Over the past week, Ozon has strengthened the operational contour for sellers — through a contract, warehouse scenarios and issue analytics. Such changes rarely sound loud, but they are the ones that shape the bottom line in terms of margin and risk.
The changes in the contract (from March 18, 2026) are primarily the rules of the marketplace's actions in the warehouse and in logistics. In controversial situations involving prohibited goods, documents, disposal and processing, it is the contract that determines what the site does and what consequences remain with the seller. For a business, this is a direct financial risk: an error in the assortment or documents may not cost a fine “on paper”, but the inability to return the goods, the loss of a batch, or the cost of correcting the situation.

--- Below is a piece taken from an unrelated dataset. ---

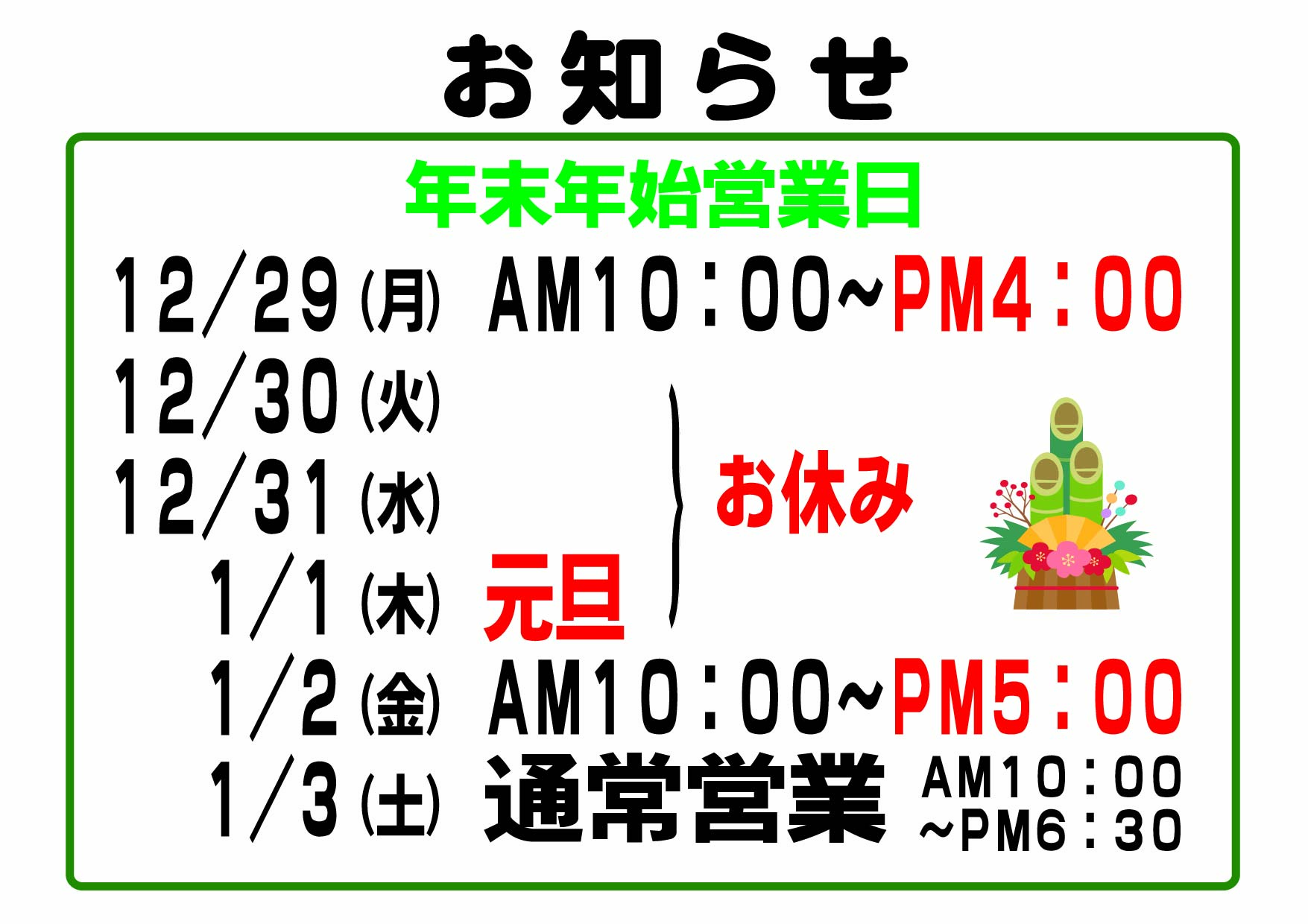 おしらせ 小売部 2025.12.26 更新 年末年始営業時間のおしらせ 平素は当店をご利用いただき、ありがとうございます。 年末年始営業時間のおしらせです。 初売りは1/2(金)10:00開店です。 スタッフ一同お待ちしております。 PREV

The practical conclusion here is simple: contractual updates should be read as a risk guide. For at least a week after the change, you should do three things: check the assortment for restrictions, update the checklist for the warehouse/fulfillment, and appoint a responsible person who monitors contractual changes. This is not marketing, this is OS security.
Repackaging and logistics are a separate area that hits the cost. If part of the operations is transferred to the marketplace warehouse and the cost of processing changes, the seller's SKU math changes.: which is more profitable — to repackage yourself or lay the processing on the warehouse side. It is important that repackaging often “pops up” not as a separate article in your head, but as a series of deductions and changes in reporting. Therefore, it should not be left unchecked.

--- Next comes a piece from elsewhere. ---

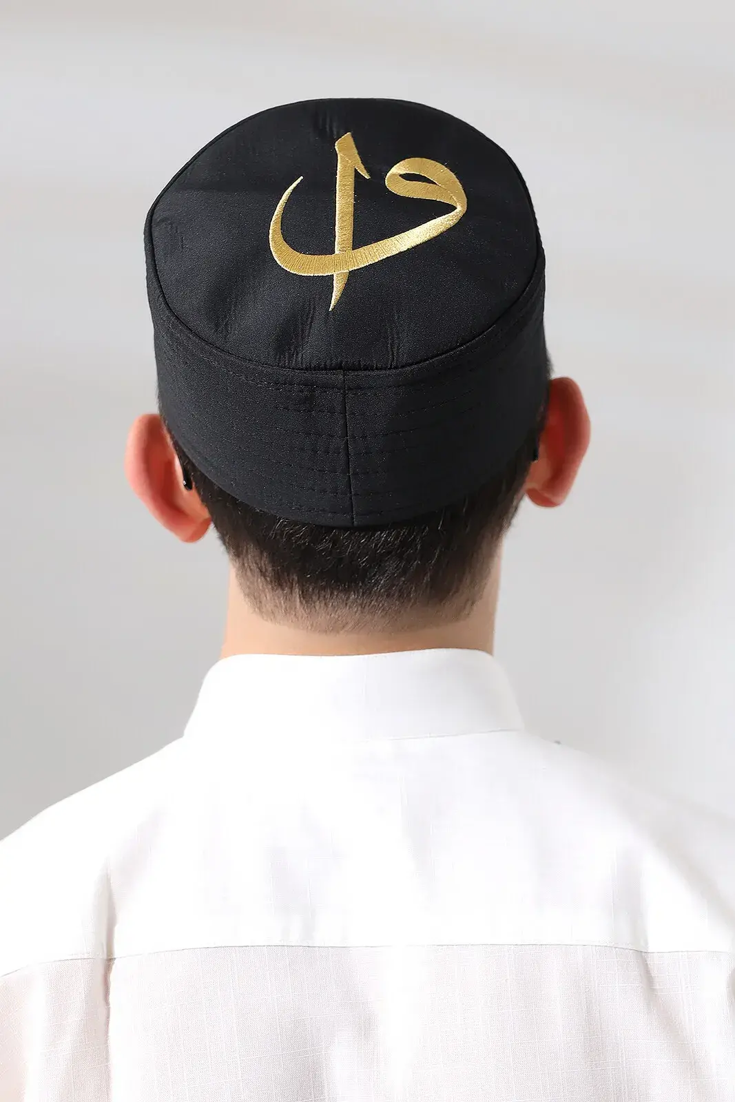 Siyah Kapitone Elif Vav Nakışlı Kalıp Namaz Takkesi

What should be done: identify the categories and products that are more likely to be repackaged, look at the reflection in reporting and deductions, then recalculate the economics of key SKUs, taking into account the actual cost of operations. This helps to avoid the classic situation: sales are there, turnover is growing, and profits are disappearing imperceptibly.

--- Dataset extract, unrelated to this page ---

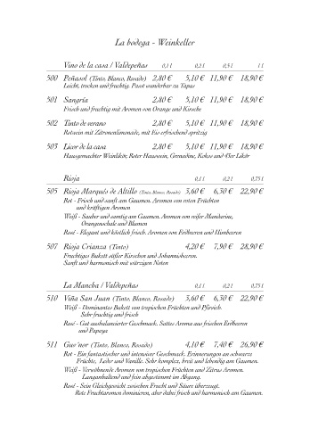 501 Sangría 2,80 € 5,10 € 11,90 € 18,90 €

Ozon has improved the "What affects the place in search" tool by adding more promotion data in the pay-per-click and pay-per-order models. The practical value here is in the diagnosis: the seller understands more quickly why the card falls in the issue, and can distinguish between two reasons — the “card problem“ and the ”advertising problem". This speeds up decisions: where to refine the content, where to change the price/ availability, and where to adjust the campaign.
A working scenario for the week: select 5-10 key cards, look at the factors that are pulling the position down, plan changes for one or two factors (not all at once), then record the result for conversions and sales.
Additionally, product collections and merchandising are mentioned in the week's updates. For those who use collections as a sales tool, the changes are important because they affect the manageability of the showcase and the budget if some of the functions are linked to subscriptions or access levels. The rule is the same here: evaluate a function through economics — whether it provides an increase in turnover and margin that covers the cost of access and the time of the team.
The outcome of the week for Ozon can be formulated as “three points of control.” A contract is a risk regulation. Repackaging is the cost. A search is a diagnosis of the causes of a drawdown. If you keep these three zones in order, the seller is less dependent on surprises and returns profit control faster.